_Task to carry out_
In the listing below, the lines starting at the line with "of the space." and ending at the line with "NOTE: Prior to" are to be output verbatim. Images stay out of the copy.

_Dataset records_
::::::::

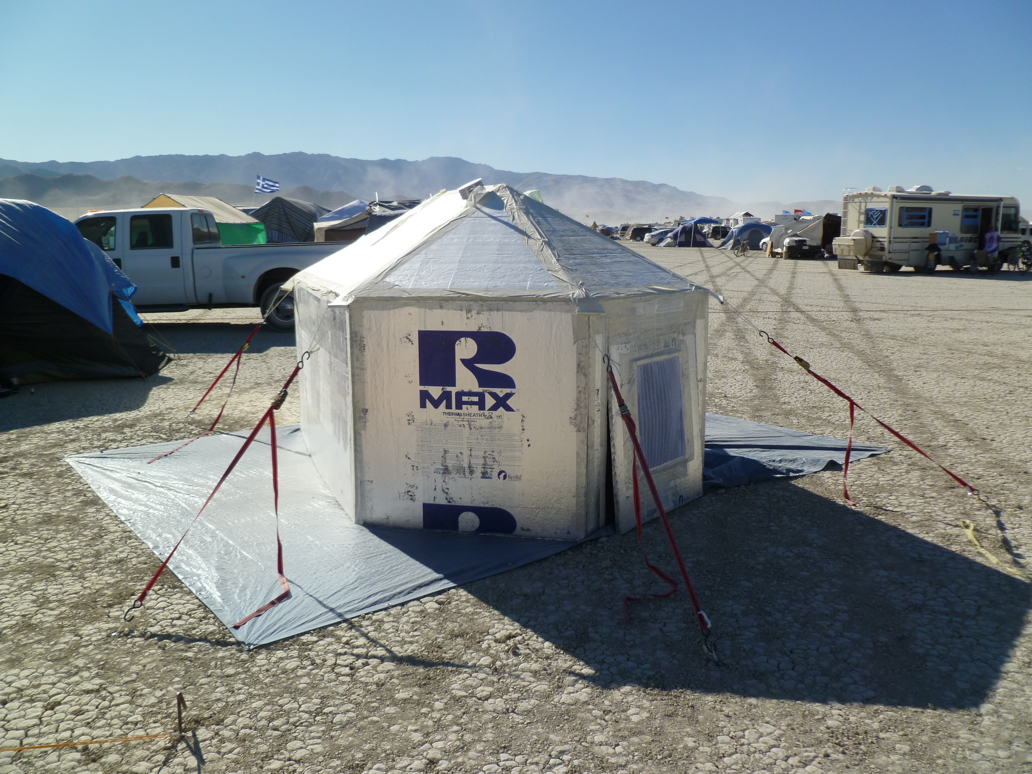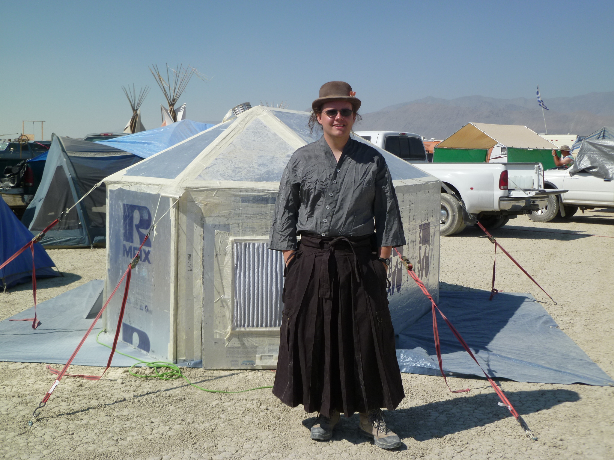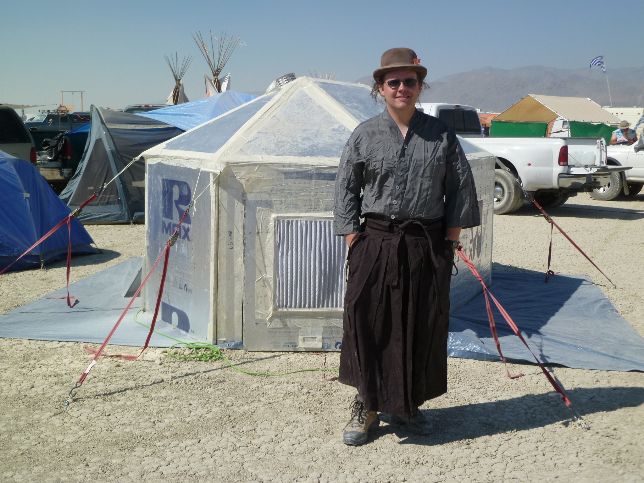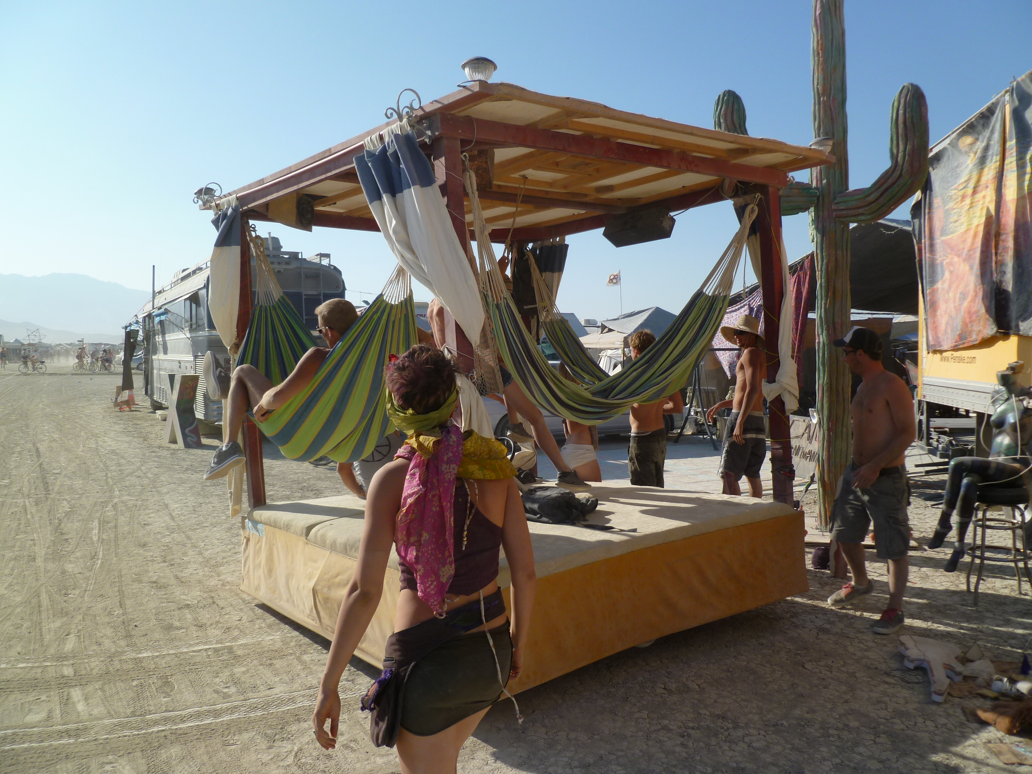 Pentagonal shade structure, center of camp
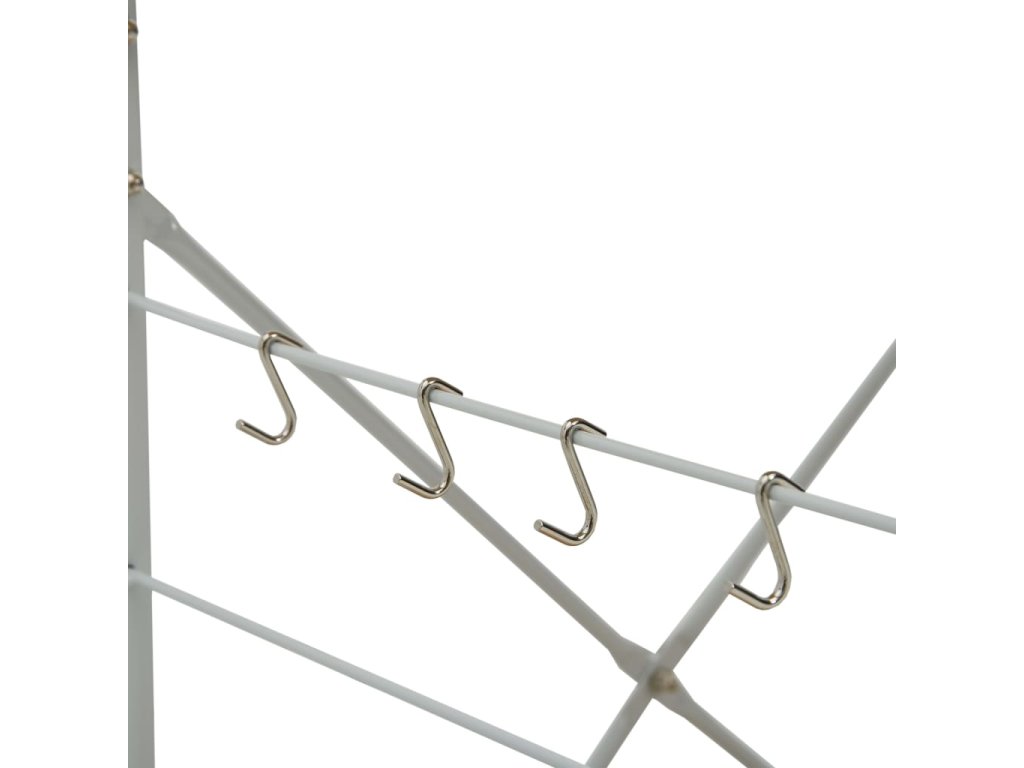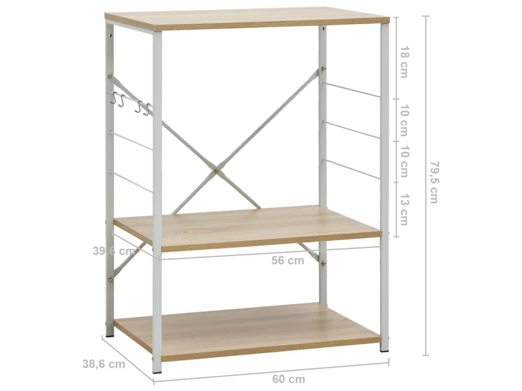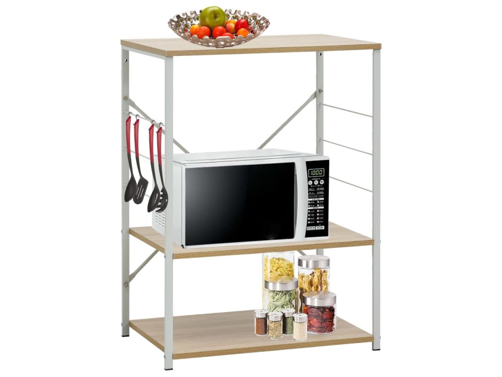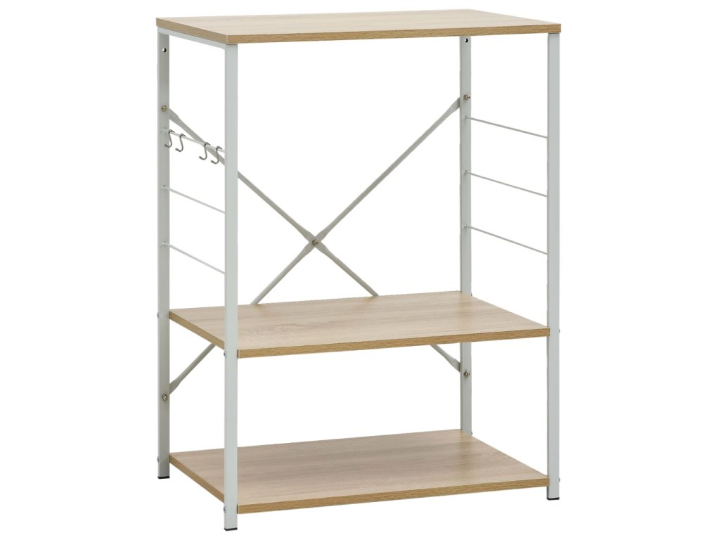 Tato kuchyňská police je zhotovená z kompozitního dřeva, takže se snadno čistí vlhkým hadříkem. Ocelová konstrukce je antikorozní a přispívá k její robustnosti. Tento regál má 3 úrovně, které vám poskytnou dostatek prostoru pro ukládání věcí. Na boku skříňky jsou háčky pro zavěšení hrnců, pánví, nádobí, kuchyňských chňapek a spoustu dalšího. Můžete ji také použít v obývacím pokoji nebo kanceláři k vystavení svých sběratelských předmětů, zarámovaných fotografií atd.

::::::::

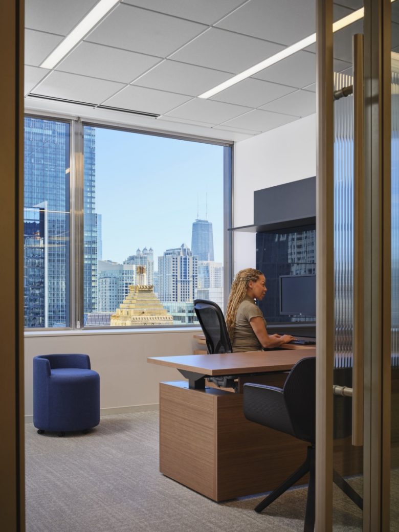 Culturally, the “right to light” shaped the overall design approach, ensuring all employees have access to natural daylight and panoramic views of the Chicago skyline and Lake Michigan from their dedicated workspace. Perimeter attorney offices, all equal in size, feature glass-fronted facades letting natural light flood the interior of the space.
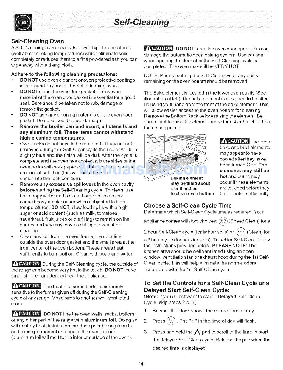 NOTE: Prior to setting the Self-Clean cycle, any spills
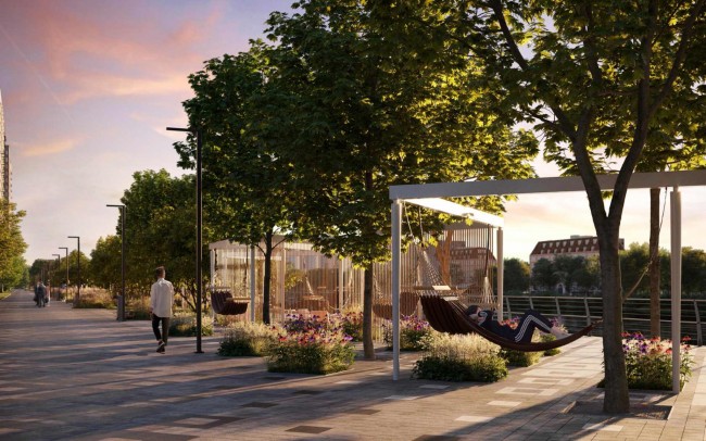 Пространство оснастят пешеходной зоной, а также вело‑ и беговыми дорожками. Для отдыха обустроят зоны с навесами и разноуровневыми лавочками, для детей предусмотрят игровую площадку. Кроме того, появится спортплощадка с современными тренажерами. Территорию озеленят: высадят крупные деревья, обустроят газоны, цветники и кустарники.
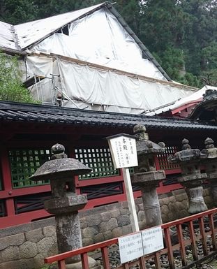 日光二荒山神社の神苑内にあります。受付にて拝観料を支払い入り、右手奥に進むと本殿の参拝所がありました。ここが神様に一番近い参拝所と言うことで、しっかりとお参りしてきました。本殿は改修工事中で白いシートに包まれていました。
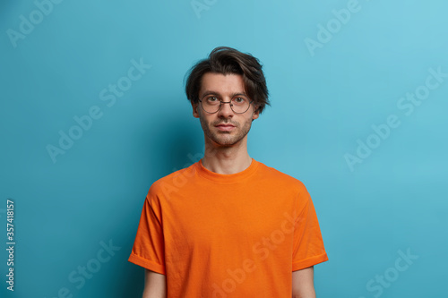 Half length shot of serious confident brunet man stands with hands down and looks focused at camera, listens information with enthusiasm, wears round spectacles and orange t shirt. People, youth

::::::::

_Answer section_
 Culturally, the “right to light” shaped the overall design approach, ensuring all employees have access to natural daylight and panoramic views of the Chicago skyline and Lake Michigan from their dedicated workspace. Perimeter attorney offices, all equal in size, feature glass-fronted facades letting natural light flood the interior of the space.
 NOTE: Prior to setting the Self-Clean cycle, any spills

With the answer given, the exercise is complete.